## Activity
Only the pictures are dropped. Restate each line below word for word.

## Data provided

______

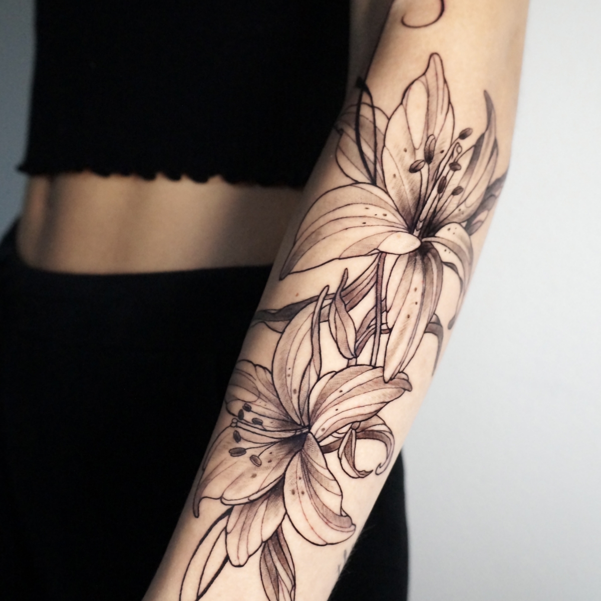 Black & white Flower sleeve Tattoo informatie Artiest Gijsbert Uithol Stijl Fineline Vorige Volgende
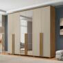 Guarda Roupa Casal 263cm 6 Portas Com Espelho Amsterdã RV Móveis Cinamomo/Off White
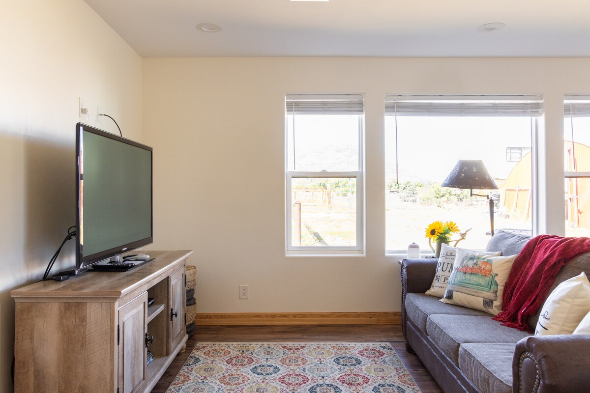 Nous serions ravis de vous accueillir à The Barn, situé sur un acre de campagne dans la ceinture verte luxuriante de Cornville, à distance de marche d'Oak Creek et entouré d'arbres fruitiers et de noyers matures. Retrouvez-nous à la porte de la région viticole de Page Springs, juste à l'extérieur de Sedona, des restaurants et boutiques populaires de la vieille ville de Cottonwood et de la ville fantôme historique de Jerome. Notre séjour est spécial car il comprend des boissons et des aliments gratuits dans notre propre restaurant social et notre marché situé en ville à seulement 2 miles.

______

## Answer to this exercise
 Black & white Flower sleeve Tattoo informatie Artiest Gijsbert Uithol Stijl Fineline Vorige Volgende
 Guarda Roupa Casal 263cm 6 Portas Com Espelho Amsterdã RV Móveis Cinamomo/Off White
 Nous serions ravis de vous accueillir à The Barn, situé sur un acre de campagne dans la ceinture verte luxuriante de Cornville, à distance de marche d'Oak Creek et entouré d'arbres fruitiers et de noyers matures. Retrouvez-nous à la porte de la région viticole de Page Springs, juste à l'extérieur de Sedona, des restaurants et boutiques populaires de la vieille ville de Cottonwood et de la ville fantôme historique de Jerome. Notre séjour est spécial car il comprend des boissons et des aliments gratuits dans notre propre restaurant social et notre marché situé en ville à seulement 2 miles.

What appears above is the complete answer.